> **Problem description**:
Output, word for word and without pictures, the lines from the one containing "Emmerdale reveals a" through the final line of the listing below.

> **The data**:
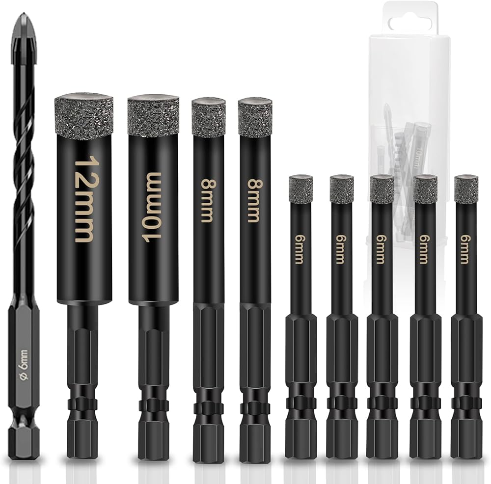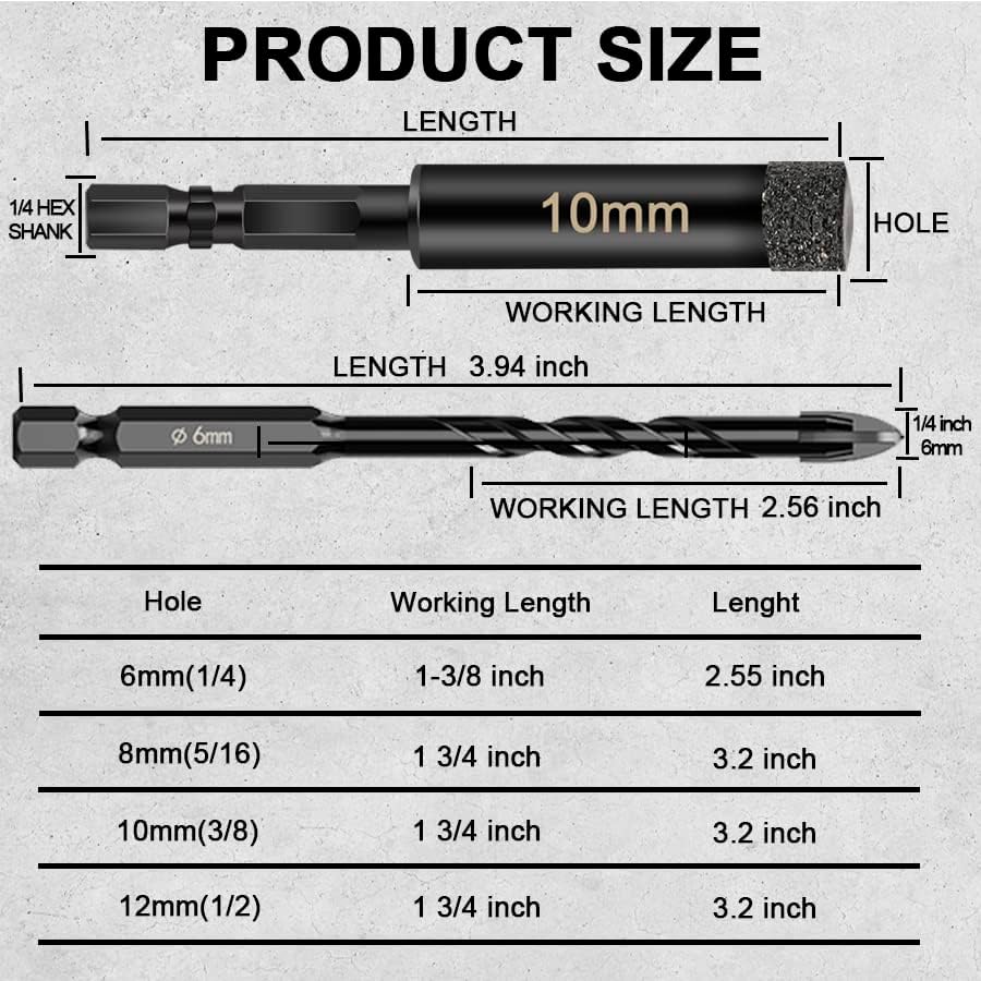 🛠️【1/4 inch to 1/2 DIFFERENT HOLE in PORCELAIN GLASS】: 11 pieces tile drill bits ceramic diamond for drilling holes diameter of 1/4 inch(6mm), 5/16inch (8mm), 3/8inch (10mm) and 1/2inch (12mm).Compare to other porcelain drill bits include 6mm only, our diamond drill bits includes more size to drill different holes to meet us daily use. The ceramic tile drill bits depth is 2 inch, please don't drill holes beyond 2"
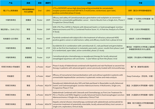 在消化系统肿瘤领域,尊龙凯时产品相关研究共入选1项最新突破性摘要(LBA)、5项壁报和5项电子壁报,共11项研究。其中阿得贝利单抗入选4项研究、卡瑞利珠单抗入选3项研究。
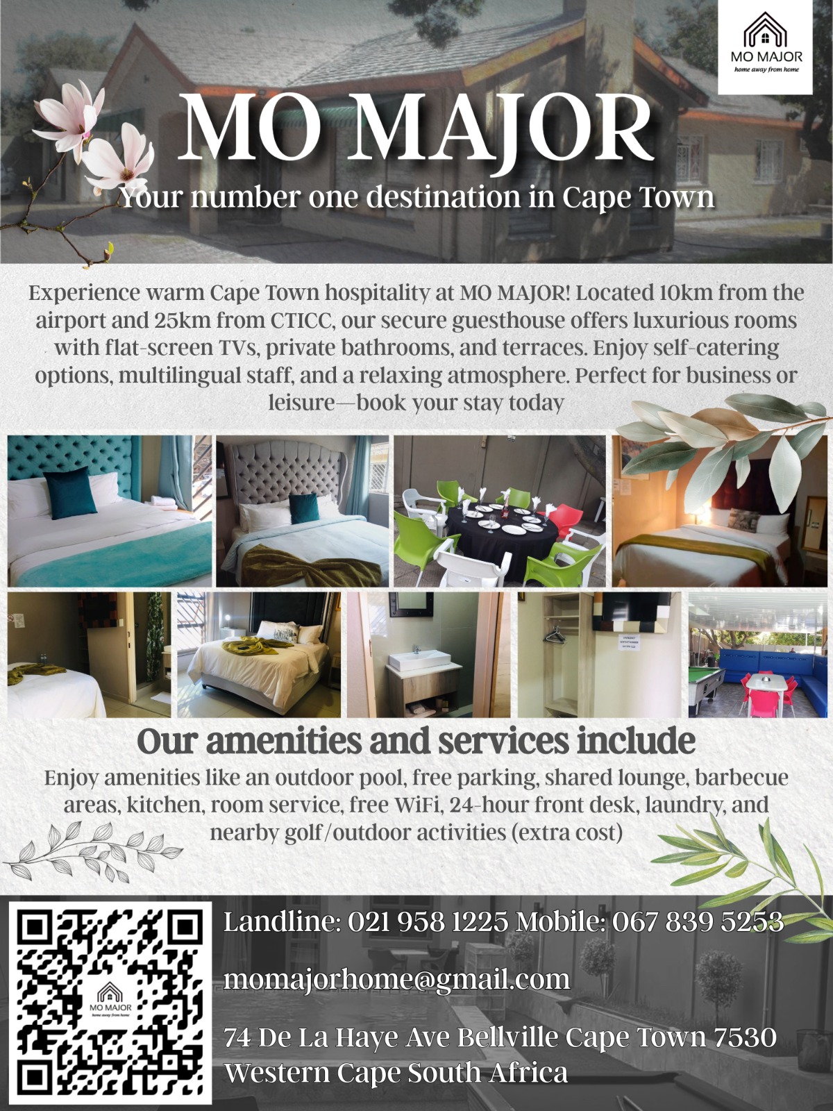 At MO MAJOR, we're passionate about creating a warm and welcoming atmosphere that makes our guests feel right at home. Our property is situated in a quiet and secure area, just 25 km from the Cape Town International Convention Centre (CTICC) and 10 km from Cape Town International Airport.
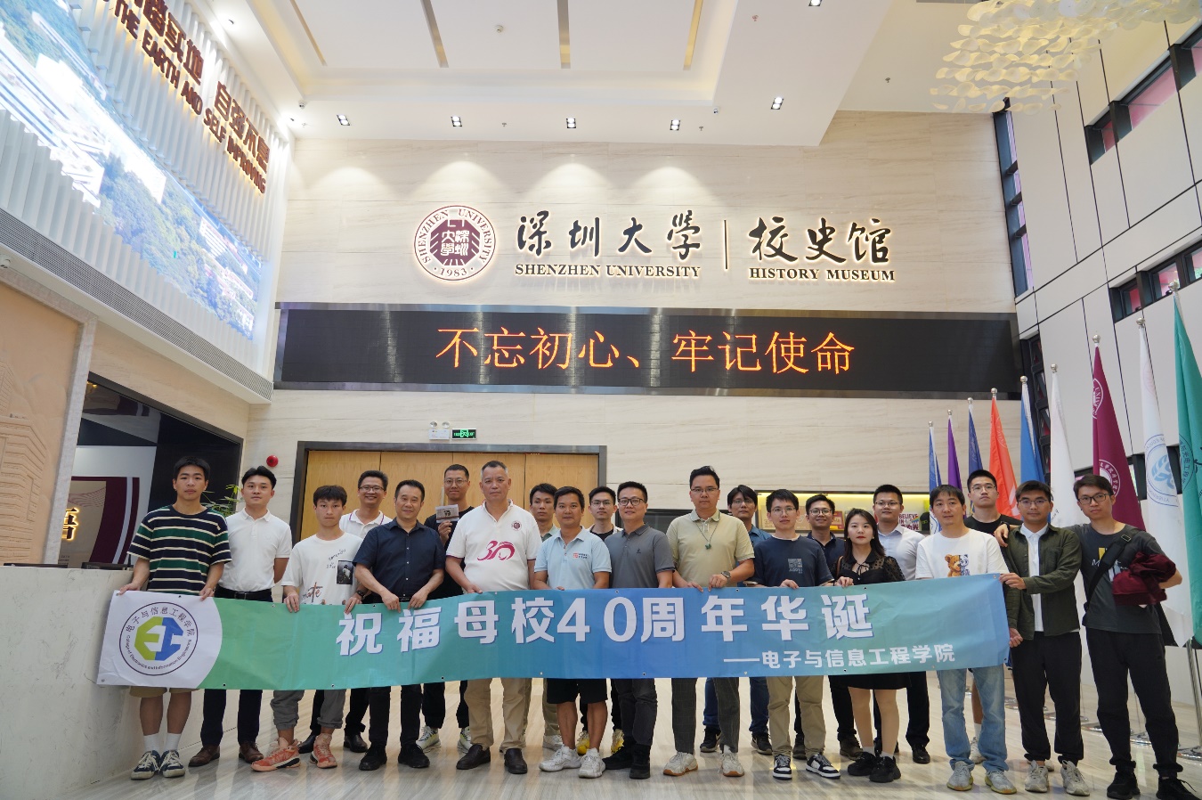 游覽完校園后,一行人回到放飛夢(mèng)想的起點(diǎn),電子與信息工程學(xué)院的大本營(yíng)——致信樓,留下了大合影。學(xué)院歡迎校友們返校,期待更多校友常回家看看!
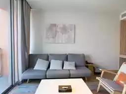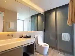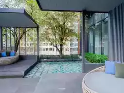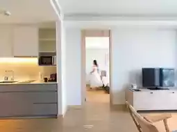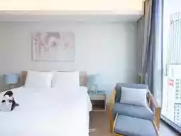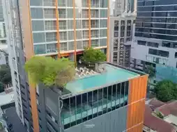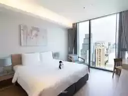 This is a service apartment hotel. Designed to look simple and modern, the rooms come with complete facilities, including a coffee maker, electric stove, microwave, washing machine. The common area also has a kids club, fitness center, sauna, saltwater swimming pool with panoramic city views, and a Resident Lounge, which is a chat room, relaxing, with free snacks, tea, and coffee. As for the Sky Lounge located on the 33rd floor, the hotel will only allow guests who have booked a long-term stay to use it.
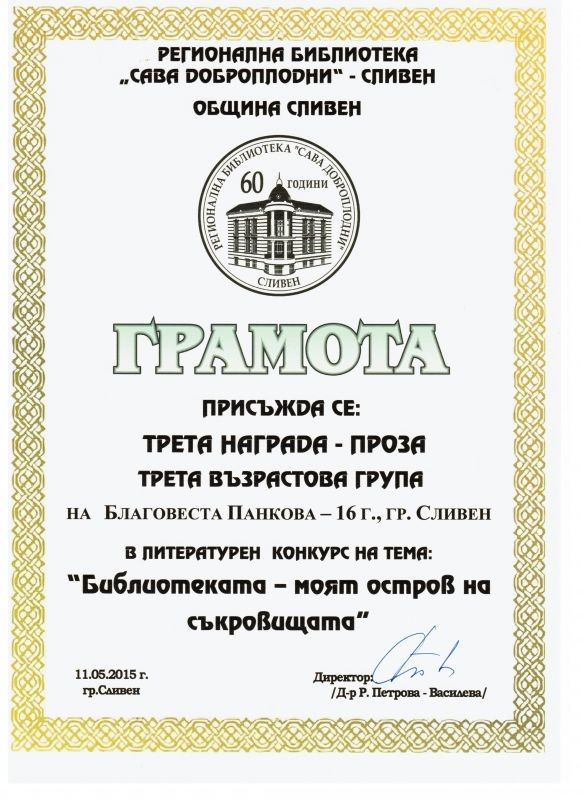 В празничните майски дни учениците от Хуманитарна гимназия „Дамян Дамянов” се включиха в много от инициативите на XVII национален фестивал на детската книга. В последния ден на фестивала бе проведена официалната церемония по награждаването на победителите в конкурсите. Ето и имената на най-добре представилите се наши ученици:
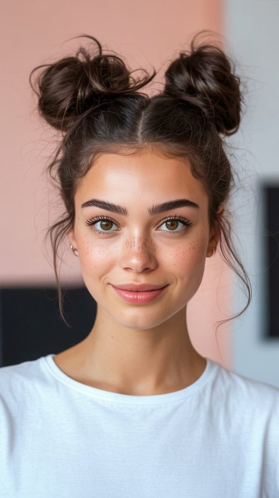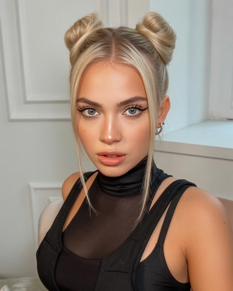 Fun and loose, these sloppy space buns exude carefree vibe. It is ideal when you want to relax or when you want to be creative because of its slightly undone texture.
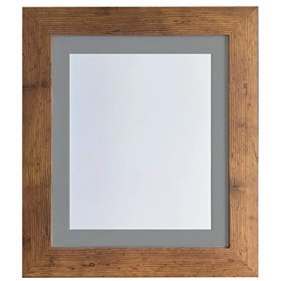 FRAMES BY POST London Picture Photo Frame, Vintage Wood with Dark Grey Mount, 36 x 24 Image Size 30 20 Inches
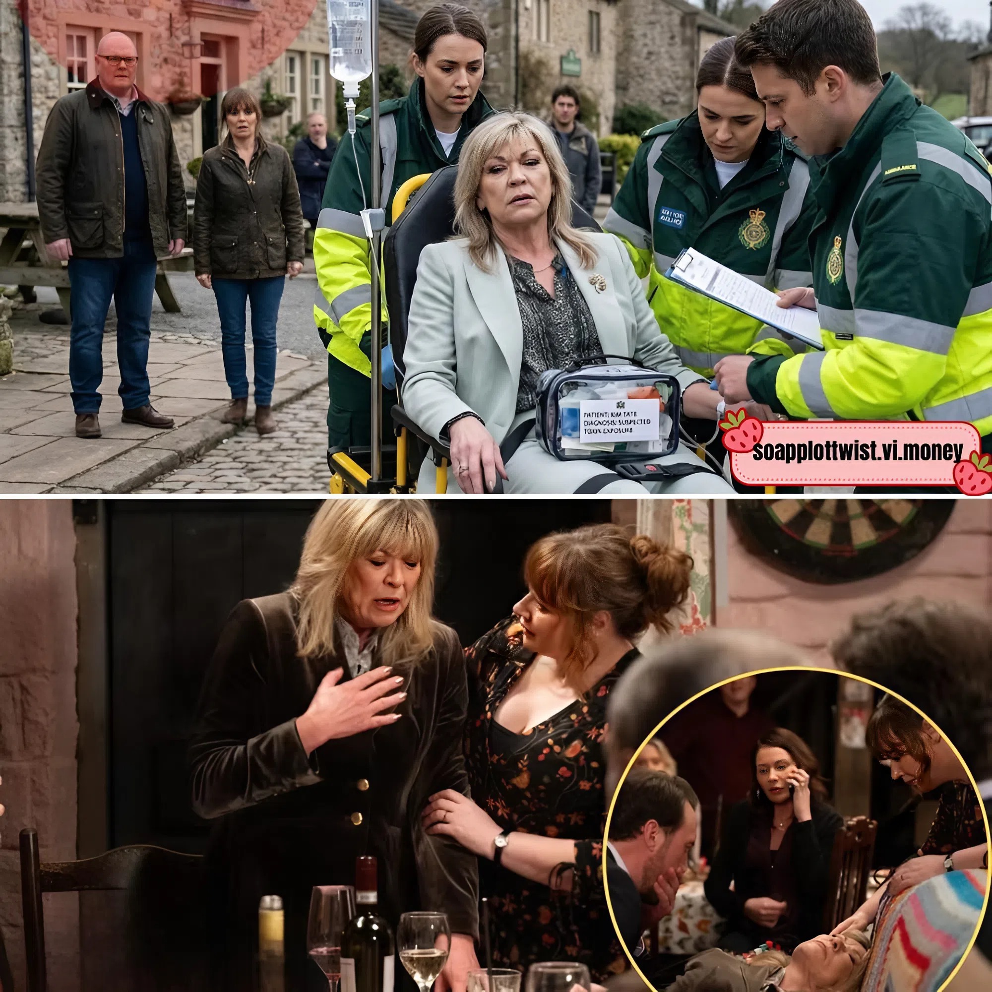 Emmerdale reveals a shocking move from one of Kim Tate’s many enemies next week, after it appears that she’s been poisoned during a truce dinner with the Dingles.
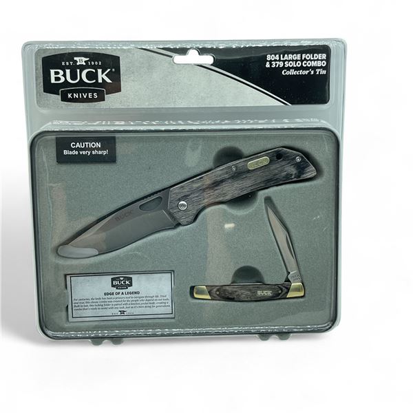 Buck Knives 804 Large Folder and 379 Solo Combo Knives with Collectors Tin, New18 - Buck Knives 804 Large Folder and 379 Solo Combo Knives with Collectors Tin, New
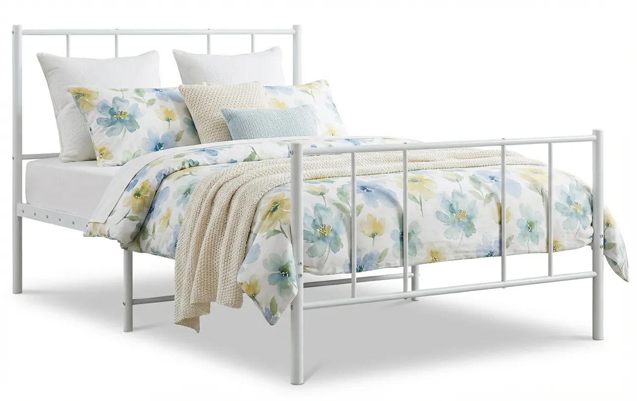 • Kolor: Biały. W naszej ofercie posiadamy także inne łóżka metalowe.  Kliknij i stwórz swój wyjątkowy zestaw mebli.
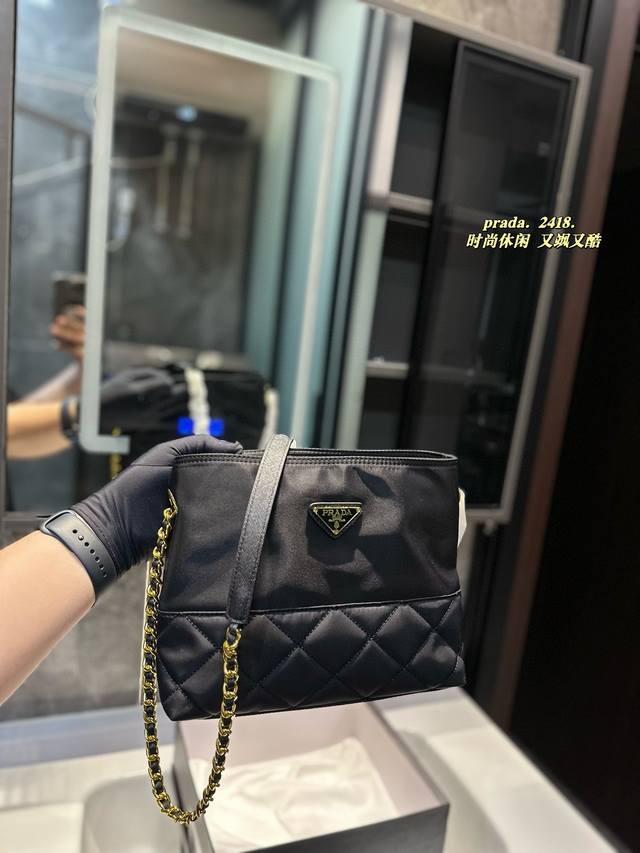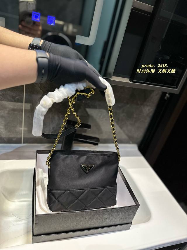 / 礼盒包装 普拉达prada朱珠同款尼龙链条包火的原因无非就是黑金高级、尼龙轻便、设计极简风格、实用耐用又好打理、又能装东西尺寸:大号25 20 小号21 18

> **Finished task**:
 Emmerdale reveals a shocking move from one of Kim Tate’s many enemies next week, after it appears that she’s been poisoned during a truce dinner with the Dingles.
 Buck Knives 804 Large Folder and 379 Solo Combo Knives with Collectors Tin, New18 - Buck Knives 804 Large Folder and 379 Solo Combo Knives with Collectors Tin, New
 • Kolor: Biały. W naszej ofercie posiadamy także inne łóżka metalowe.  Kliknij i stwórz swój wyjątkowy zestaw mebli.
 / 礼盒包装 普拉达prada朱珠同款尼龙链条包火的原因无非就是黑金高级、尼龙轻便、设计极简风格、实用耐用又好打理、又能装东西尺寸:大号25 20 小号21 18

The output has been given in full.